Personally, as an example of what I'm alluding to, I was thinking of a life game setup where the formation appears to jump ahead. I think it is completely possible that this future sensing could really be happening, and not just an artifact of our process of perception.
 
  • #58
Perceptions

Great Thread! Has anyone ever heard of this guy Kim Clement? I saw him in person, and although he played the piano a lot before demonstrating, once he began to share his spiritual perceptions, it was incredible. He has been used in several cases of successfully resolving whereabouts of kidnapped children. Any thoughts? www.kimclement.com

theopenbook
 
  • #59
theopenbook said:
Great Thread! Has anyone ever heard of this guy Kim Clement? I saw him in person, and although he played the piano a lot before demonstrating, once he began to share his spiritual perceptions, it was incredible. He has been used in several cases of successfully resolving whereabouts of kidnapped children. Any thoughts? www.kimclement.com

theopenbook

How many cases do you think he sent in suggestions for? How many TIMES per case? No friggin kidding if you saw "near a river... or... a field..." you're probably going to be close.
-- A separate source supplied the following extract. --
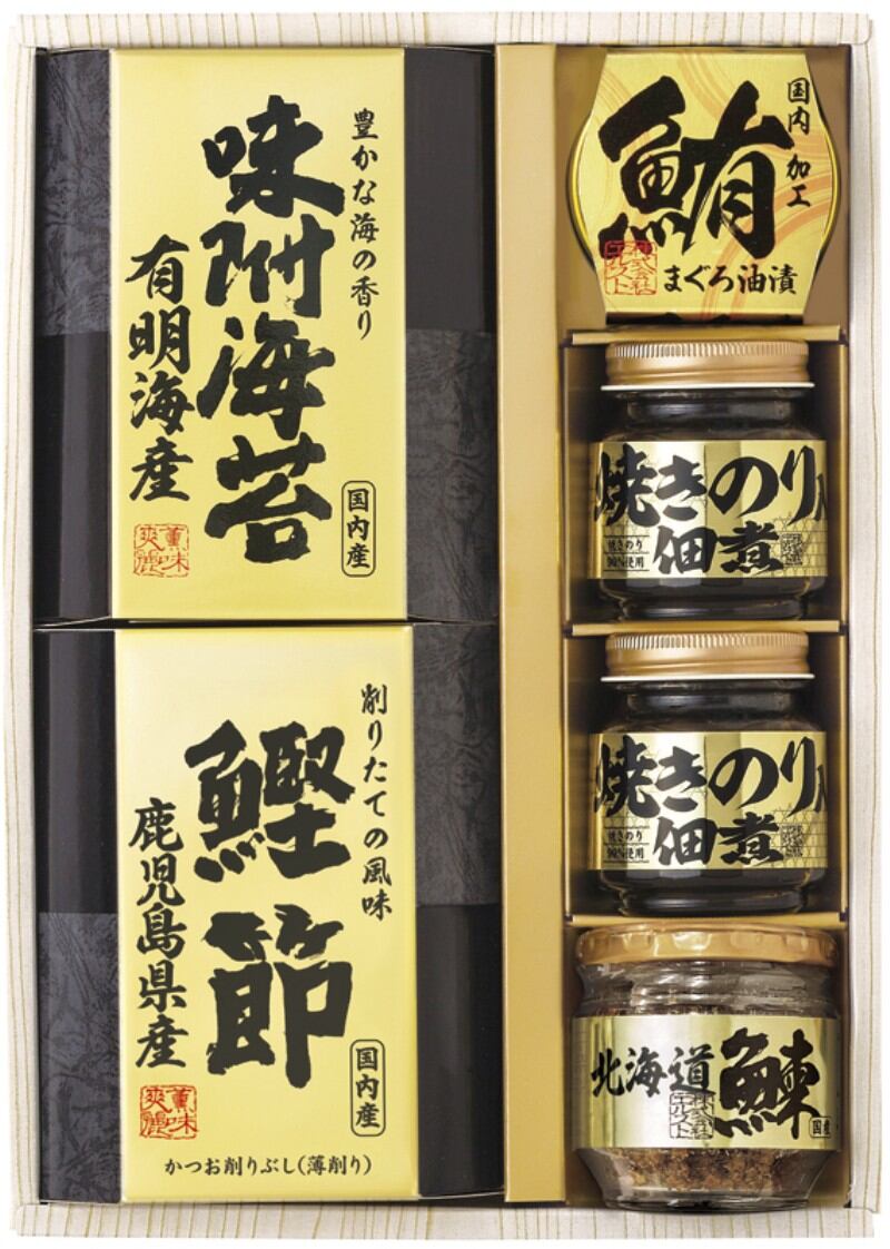 商品内容:北海道産鰊フレーク50g・鹿児島県産鰹節(2g×3)・有明海産味附海苔(8切10枚)・まぐろ油漬け70g×各1、焼きのり佃煮85g×2

Fact is: Any time there's a popular missing person's case the police get bombarded with 'psychic help': and there's no rhyme or rhythm to what they say! And yet if one of them is even CLOSE they yell it to the world! Wow! You and a hundred other people took random guesses and YOU got the close one! AMAZING!

And let's not forget the fact that the information is useless sent a long with a "Please don't release this if the information is wrong" :rolleyes:
 
  • #60
Alkatran said:
How many cases do you think he sent in suggestions for? How many TIMES per case? No friggin kidding if you saw "near a river... or... a field..." you're probably going to be close.

Fact is: Any time there's a popular missing person's case the police get bombarded with 'psychic help': and there's no rhyme or rhythm to what they say! And yet if one of them is even CLOSE they yell it to the world! Wow! You and a hundred other people took random guesses and YOU got the close one! AMAZING!

And let's not forget the fact that the information is useless sent a long with a "Please don't release this if the information is wrong" :rolleyes:

Could be I suppose. In the concert I saw him get some people's names, number of children, birthdays and etc while in front of the crowd. Like Jonathan Edwards, mingling with the crowd, he would walk out and pull people out if he felt he had a prediction for them.

Have you ever seen someone like this with the real "gift", as some would call it?